EXERCISE INSTRUCTIONS
Look through the entries below and copy exactly the part that begins with the line containing "Avec le grain" and ends with the line containing "Рис. 1. Структура". Do not copy the pictures.

INFORMATION SHOWN
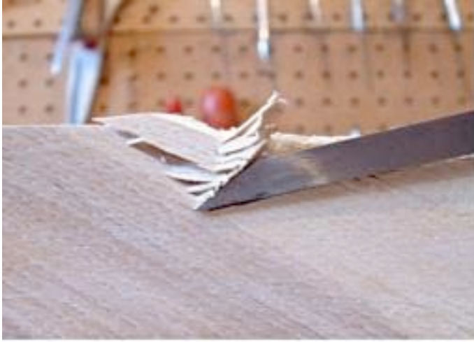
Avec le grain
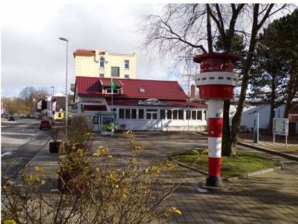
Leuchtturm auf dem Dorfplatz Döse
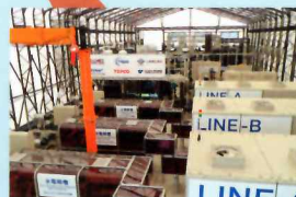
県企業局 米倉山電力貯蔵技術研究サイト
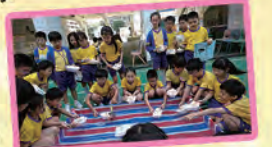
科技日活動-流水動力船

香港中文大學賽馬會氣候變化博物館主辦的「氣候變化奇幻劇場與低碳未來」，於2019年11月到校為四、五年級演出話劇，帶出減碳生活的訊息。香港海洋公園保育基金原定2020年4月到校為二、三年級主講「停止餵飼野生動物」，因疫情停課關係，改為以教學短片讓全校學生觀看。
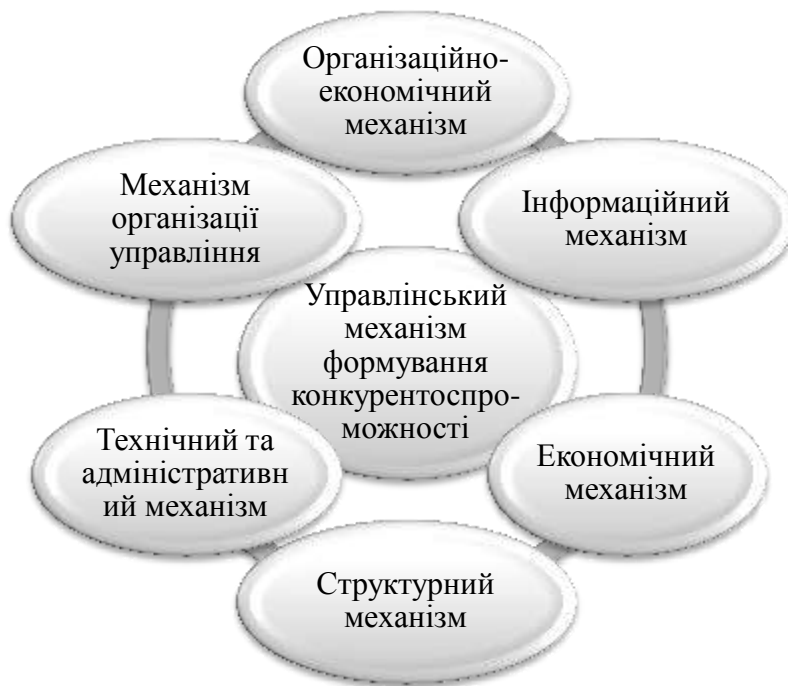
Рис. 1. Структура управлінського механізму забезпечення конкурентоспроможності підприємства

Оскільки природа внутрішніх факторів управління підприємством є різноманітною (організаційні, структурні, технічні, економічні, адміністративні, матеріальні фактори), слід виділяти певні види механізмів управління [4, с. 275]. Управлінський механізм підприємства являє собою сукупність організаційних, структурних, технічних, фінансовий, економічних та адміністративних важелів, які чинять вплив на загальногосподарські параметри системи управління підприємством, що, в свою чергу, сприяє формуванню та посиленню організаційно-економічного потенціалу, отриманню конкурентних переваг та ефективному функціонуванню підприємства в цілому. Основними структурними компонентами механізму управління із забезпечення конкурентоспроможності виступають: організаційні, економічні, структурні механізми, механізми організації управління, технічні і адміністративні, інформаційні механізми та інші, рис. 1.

...

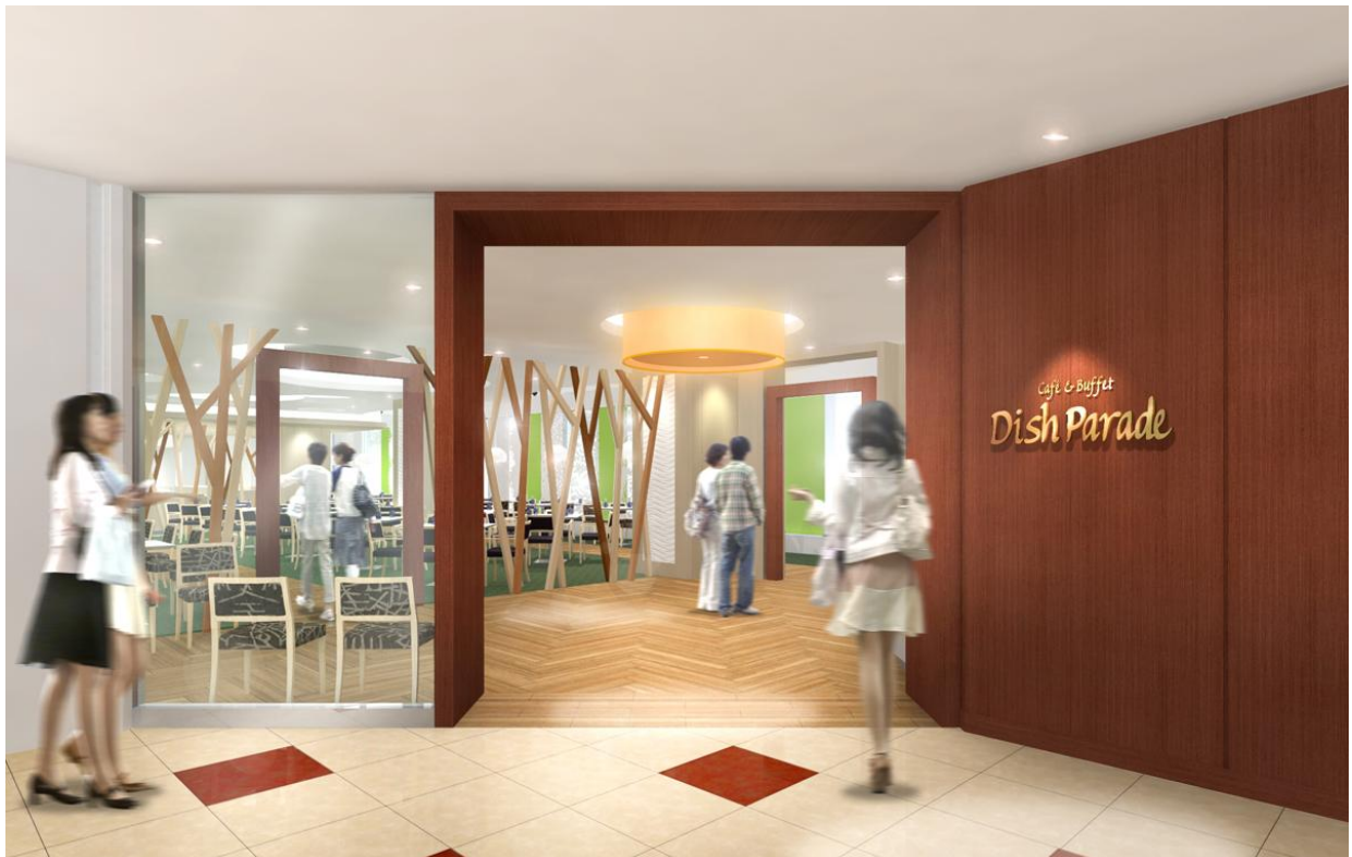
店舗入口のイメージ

==

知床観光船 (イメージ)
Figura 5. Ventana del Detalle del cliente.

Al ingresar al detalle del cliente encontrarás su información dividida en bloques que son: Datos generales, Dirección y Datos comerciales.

ANSWER BOX
Avec le grain
Leuchtturm auf dem Dorfplatz Döse
県企業局 米倉山電力貯蔵技術研究サイト
科技日活動-流水動力船

香港中文大學賽馬會氣候變化博物館主辦的「氣候變化奇幻劇場與低碳未來」，於2019年11月到校為四、五年級演出話劇，帶出減碳生活的訊息。香港海洋公園保育基金原定2020年4月到校為二、三年級主講「停止餵飼野生動物」，因疫情停課關係，改為以教學短片讓全校學生觀看。
Рис. 1. Структура управлінського механізму забезпечення конкурентоспроможності підприємства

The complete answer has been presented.